= Siege of Asola (1483) =

The siege of Asola, a city controlled by the Republic of Venice, took place between 27 September and 12 October 1483 during the War of Ferrara, which saw the Republic of Venice and an anti-Venetian league, known as the League of Ferrara, pitted against each other. The anti-Venetian coalition included the Duchy of Ferrara, the Papal States, Milan, and Naples.

== History ==
The War of Ferrara was fought between the Republic of Venice and an anti-Venetian league, formed by Ferrara, the Papal States, Milan, and Naples. The war was fought over border disputes and the control of lucrative salt-producing territories, with Venice seeking to expand its holdings at the expense of Ferrara and the Pope opposing Venetian encroachment over papal influence.

The capture of Asola was part of the military maneuvers that led the armies of the League to move, in the first half of September 1483, from Lombardy towards Veneto, despite the resistance of the Marquis of Mantua Federico I Gonzaga, who seemed to have signed a non-belligerence pact with Venice, in order to be spared from a possible invasion of its territories, between the Duchy of Milan and the Serenissima. Even the Duke of Milan Gian Galeazzo Maria Sforza did not approve of the undertaking and took the field directly, but was stationed near Cremona.
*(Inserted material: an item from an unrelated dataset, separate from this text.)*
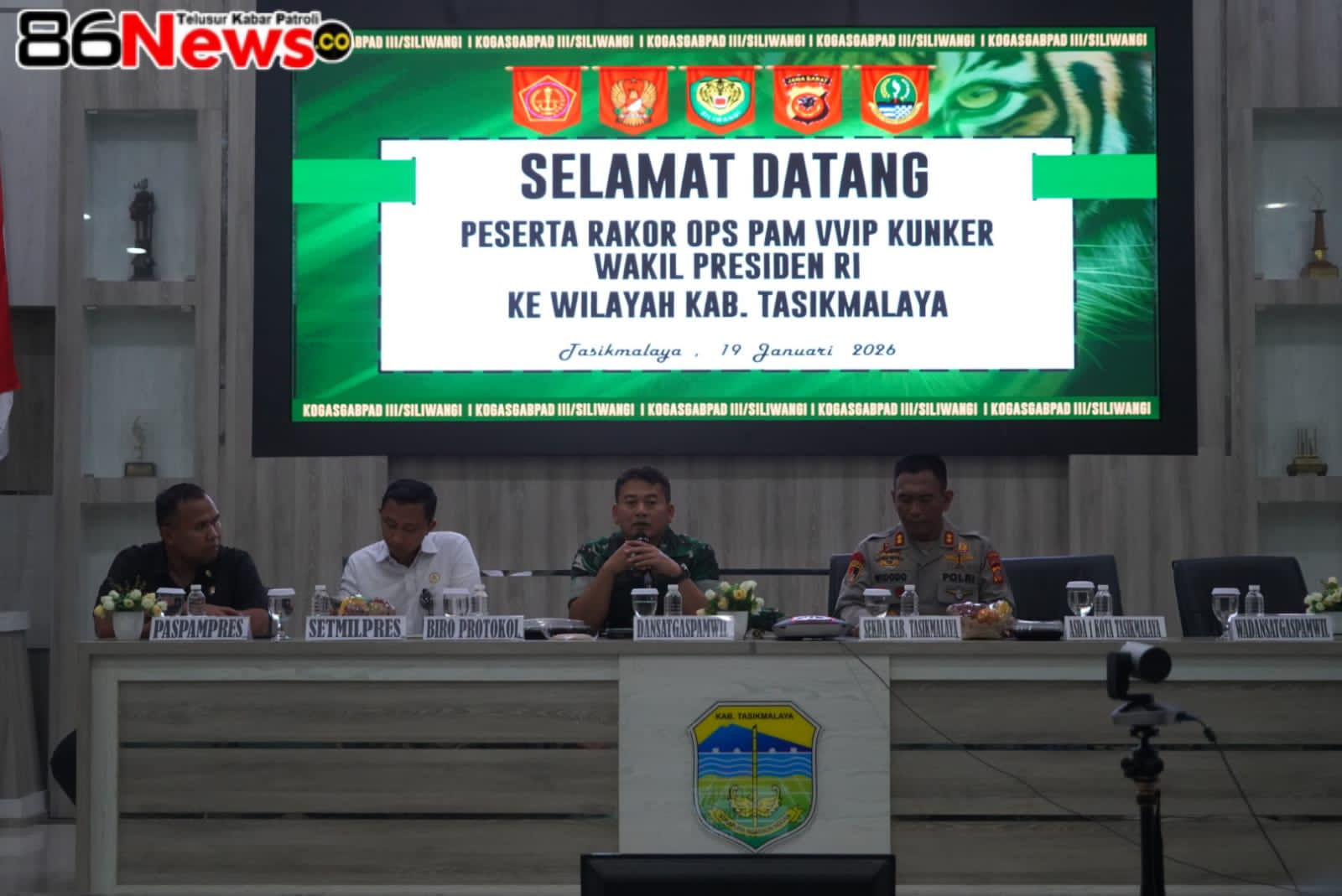 Kab.Tasikmalaya, 86News.co – Komandan Korem 062/Tn Kolonel Inf Dadi Sutandi, S.E., M.M., memimpin Rapat Koordinasi Wilayah (Rakorwil) dan Rapat Koordinasi Pengamanan (Rakorpam) serta Apel Gelar Pasukan dalam rangka kunjungan kerja Wakil Presiden RI di wilayah Korem 062/Tn. Bertempat di Gedung Rapat Kantor Sekda Kab.Tasikmalaya, Senin (19/1/2026).
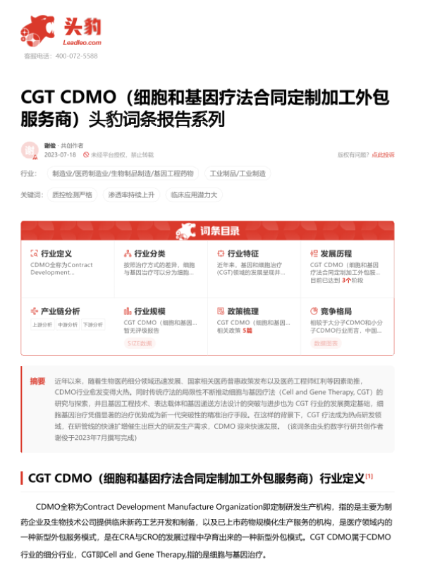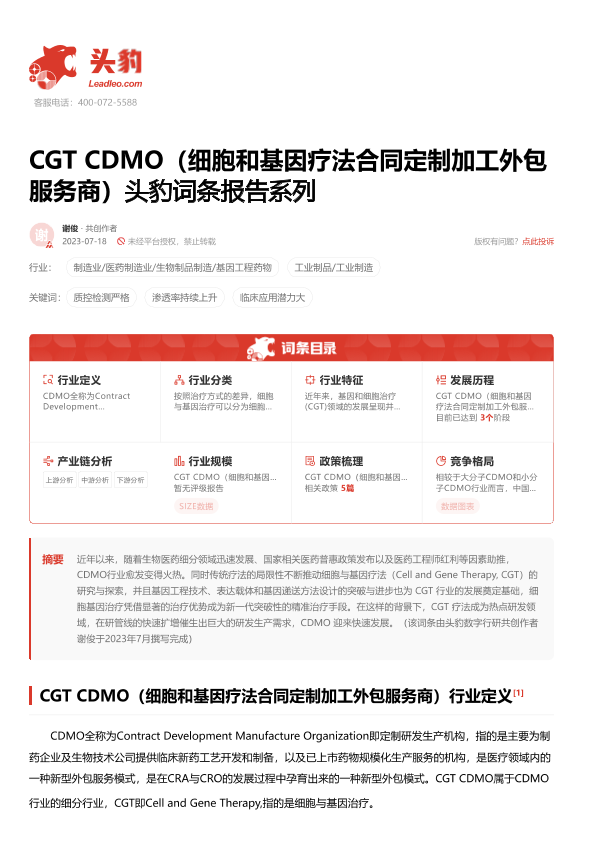 【头豹研究院】【2023】CGT CDMO(细胞和基因疗法合同定制加工外包服务商)头豹词条报告系列-17页

The approach maneuvers from Goito and Casaloldo, which had surrendered to the Gonzaga, towards Asola were conducted by the Duke of Calabria Alfonso of Aragon and by Francesco Secco.

== Outcome ==
The fortification of Asola, consisting of a moat, high walls and 14 cylindrical towers, was built by the Venetians between 1458 and 1482, but was poorly suited to repelling attacks with firearms. Six league bombards were brought under the walls in the days before the attack and used to open large breaches in the walls. The fall of Asola (on 12 October 1483) was celebrated with the triumphant entry into the town of Francesco Gonzaga, son of the Marquis Federico from Canneto and who had never fought in battle, accompanied by Secco.

The town of Asola was returned to Venice on 7 August 1484 with the Peace of Bagnolo, shortly after the death of the Marquis Federico Gonzaga on 14 July. The town had to endure another famous siege in 1516. However, that siege was unsuccessful.